Being better. One day at a time.
I am a pessimist at heart. I tend to focus on the negative in both my personal and professional life. But I always strive to be the opposite. I want to look out in the world and see the inherent good in things. I used to be better at it, but the last three years emboldened the worst in so many. It becomes a challenge.
Even at my worst — my most desperate — I've never given up on the fight. Life is about the long game. While I'll never be able to enact any widespread change, I do know I can do small things to make the lives around me just a little better.
I started that move months ago on social media. I've stopped myself from posting negative takes on comics, movies, and shows numerous times. I strive to point out the great things I read or watch. It's easy to let the things that don't fall by the wayside.
Case in point: James Patterson by James Patterson, the new memoir by the ever-present writer. I've read Patterson before with little to praise, but his autobiography has proven immensely readable. I'm about halfway through as I write this, but the anecdotes from his early life are enough to get me to recommend the book.
In the last few weeks, I've strived to move that positivity to more personal interactions.
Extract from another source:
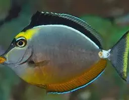 黄高鳍刺尾鱼其体卵圆而侧扁,背鳍及臀鳍硬棘尖锐,前方软条较后方延长,呈伞形;尾鳍截平。尾棘在尾柄前部,…

I've grown into a person that doesn't suffer fools easily. I'm often fast to judge and distrust. But even in interacting with people with little or no respect for others, I strive to be kind. And I don't mean in the local way sometimes called Iowa Nice. I'm not going to stand aside and let people be outright awful. But I'm still going to strive to follow the ancient golden rule no matter how others treat me. We cannot fix anything by just saying "fuck 'em" to even the worst people. It's amazing how even an awful, tense situation can be cooled by simply being kind.
I'm far from perfect. I've never pretended to be. I'll still fail. I'll still put my foot in my mouth. But just as the founding documents of this country didn't pretend to be infallible but instead strived for a "more perfect union," I plan to keep working on myself and my communities one day at a time. Maybe I'll never change anyone's mind. I don't know. But I want to put in the work to make things better rather than divide us even more.
It’s the only way I know to let my own heroism shine.